Robust Timing Calibration for PET Using L1-Norm Minimization

Positron emission tomography (PET) relies on accurate timing information to pair two 511-keV photons into a coincidence event. Calibration of time delays between detectors becomes increasingly important as the timing resolution of detector technology improves, as a calibration error can quickly become a dominant source of error. Previous work has shown that the maximum likelihood estimate of these delays can be calculated by least squares estimation, but an approach is not tractable for complex systems and degrades in the presence of randoms. We demonstrate the original problem to be solvable iteratively using the LSMR algorithm. Using the LSMR, we solve for 60 030 delay parameters, including energy-dependent delays, in 4.5 s, using 1 000 000 coincidence events for a two-panel system dedicated to clinical locoregional imaging.
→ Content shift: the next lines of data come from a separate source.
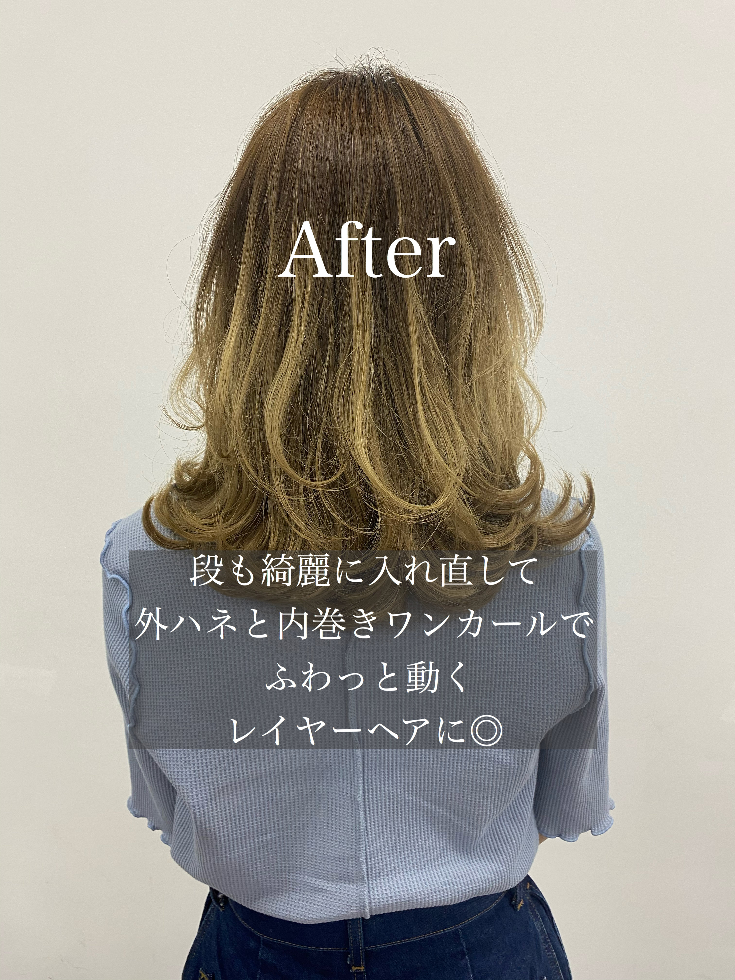 裾に厚みは残しつつ、表面はふわっと動かしやすいようにした今流行りのレイヤースタイルにしませんか?
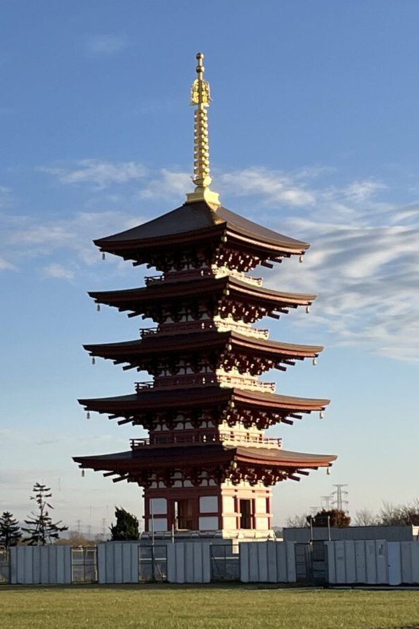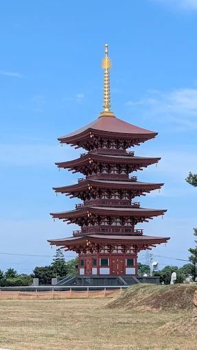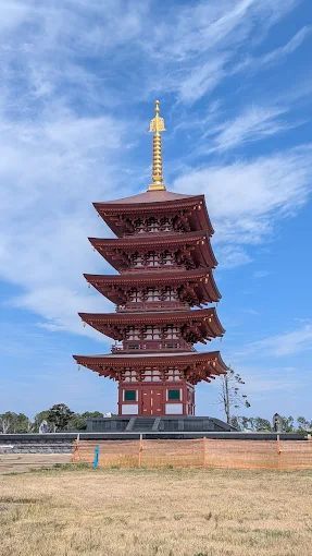 2000年2月地鎮祭。2001年5月落慶。海住山寺五重塔をモデルとすると云う。高さ21m。本瓦葺。本尊は大日如来、薬師如来など4尊
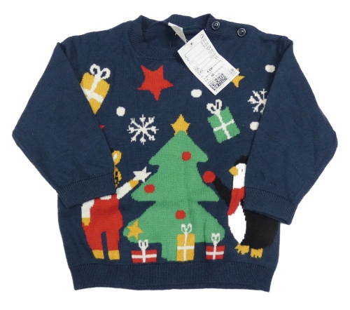 Nové - tmavomodrý vianočný sveter so stromčekom a medvedíkom a tučňáčkem H&M
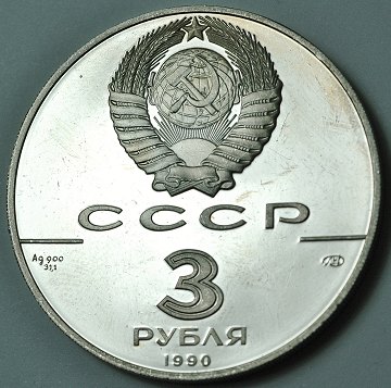 Rusland, 3 rubler SØLV 1990 Proof - Y# 242
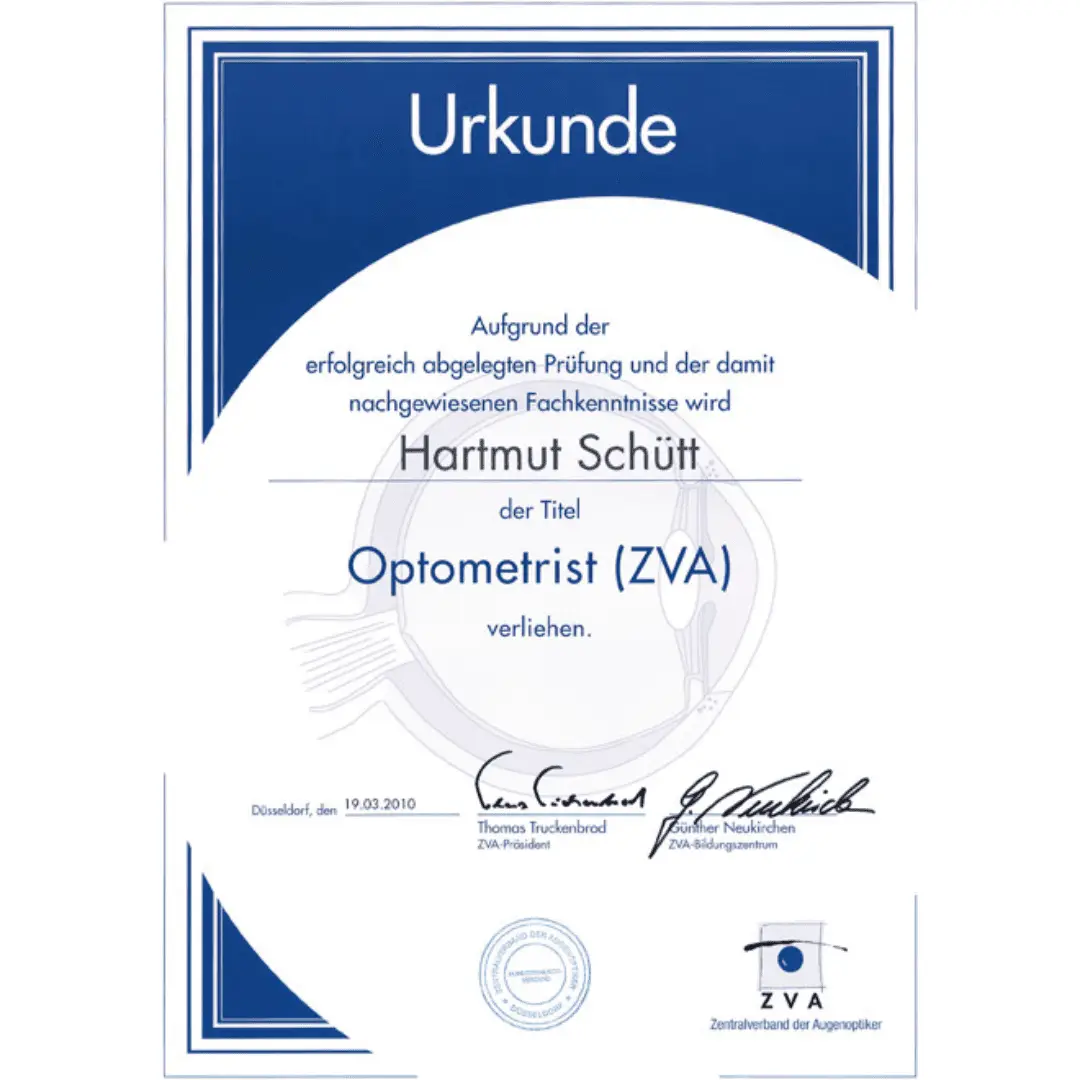 März 2010: Hartmut Schütt wird einer der ersten 30 Optometristen (ZVA) in Deutschland – und der erste Optometrist (ZVA) in Ludwigsburg.
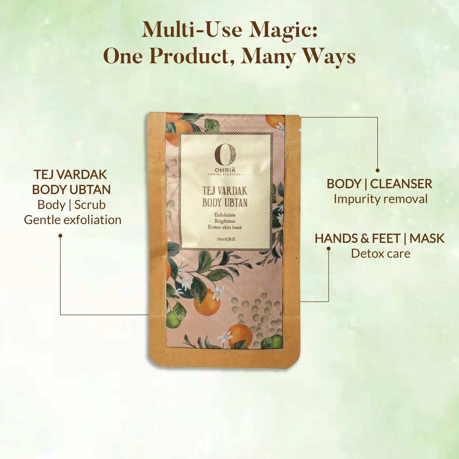 This 100% natural ubtan is suitable for all skin types and is designed to exfoliate and remove dead skin cells while brightening and evening out your skin tone. Enriched with hand-pounded ingredients like almond, sandalwood, barley flour, and black mustard seeds, it gently nourishes the skin. Neem leaves purify and provide antibacterial benefits, while orange peel, rich in Vitamin C, supports collagen and elastin production. Masoor and moong chilka dal naturally exfoliate, tighten pores, and cleanse while removing tan. Additionally, sariva and yashtimadhu work to brighten the skin and reduce pigmentation, making this ubtan a potent blend for healthy, breathable skin that enhances absorption.
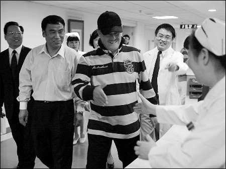 昨天,趙本山在上海華山醫(yī)院出院第一天,本報記者再次踏入醫(yī)院住院部時,這里因為趙本山的離開、媒體的撤離變得一片寧靜。趙本山所住的華山醫(yī)院6號樓12層的華順協(xié)和病房外,醫(yī)院也解除了監(jiān)控,不再有保安把守。記者找到趙本山入住及親人陪護的3間病房,都已經換了新的病人。其中隔壁病房的胡先生告訴記者,趙本山是住的21號到過道窗口的三間病房?!摆w本山住院期間,我們也在這里。可能是因為生病的緣故,他沒有以前氣色好,我們在過道碰見他,他也非常友好?!焙壬f,趙本山吃飯都在病房里,只是偶爾能在過道上、醫(yī)院花園里能碰見他?!摆w本山住院期間,醫(yī)院安保工作非常嚴密。他是大笑星,受到這樣的待遇是應該的。他能出院,我們也很高興,祝愿他早日痊愈,再上春晚舞臺給我們表演小品?!?/p>
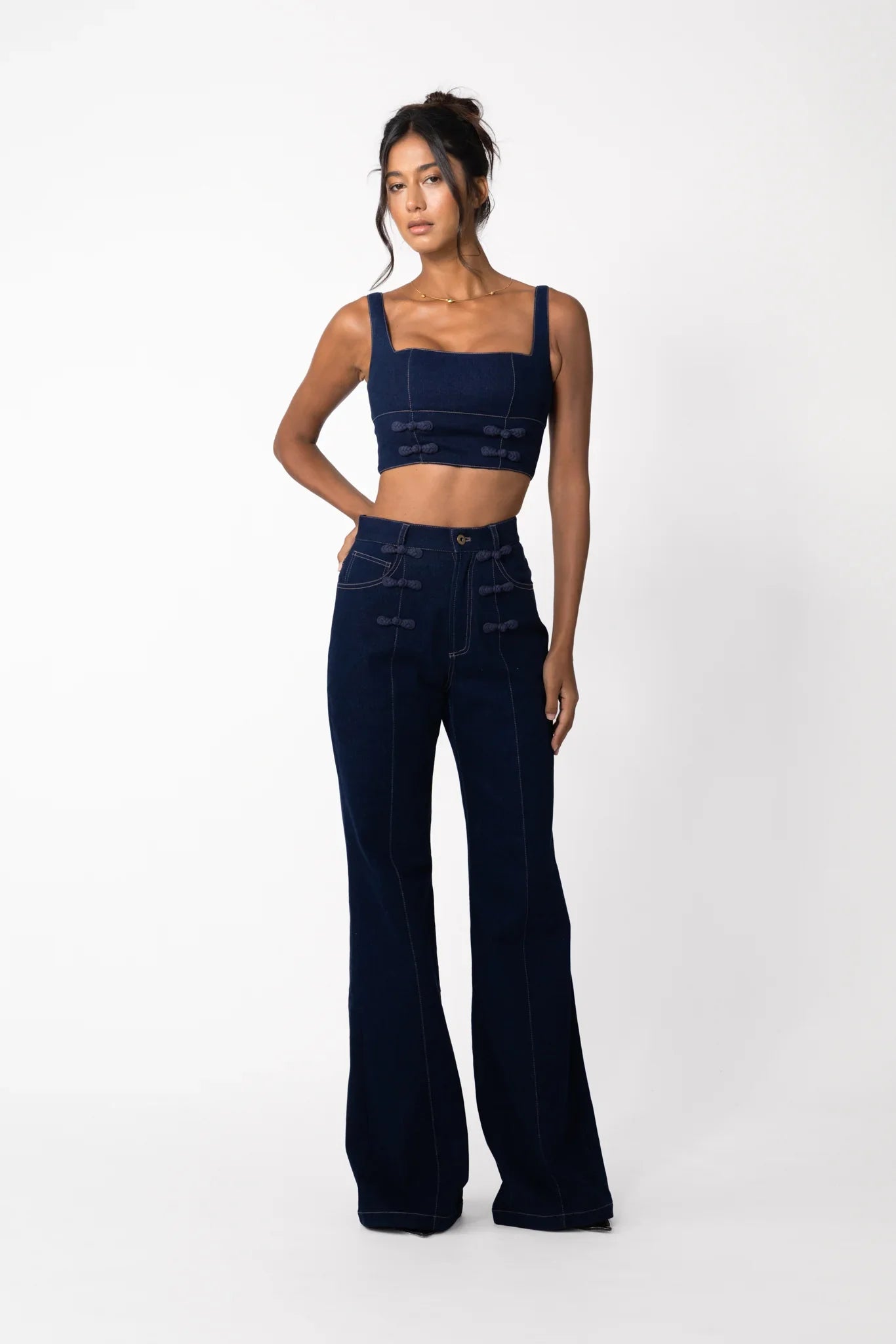 Tailored high-waisted, wide-leg denim pant with slight stretch featuring signature pipa knot detail

We then extend the original least squares problem to be robust to random coincidences and low statistics by implementing l(1)-norm minimization using the alternating direction method of the multipliers (ADMM) algorithm. The ADMM algorithm converges after six iterations, or 20.6 s, and improves the timing resolution from 64.7 +/- 0.1s full width at half maximum (FWHM) uncalibrated to 15.63 +/- 0.02ns FWHM. We also demonstrate this algorithm's applicability to commercial systems using a GE Discovery 690 PET/CT. We scan a rotating transmission source, and after subtracting the 511-keV photon time-of-flight due to the source position, we calculate 13 824 per-crystal delays using 5 000 000 coincidence events in 3.78 s with three iterations, while showing a timing resolution improvement that is significantly better than previous calibration methods in the literature.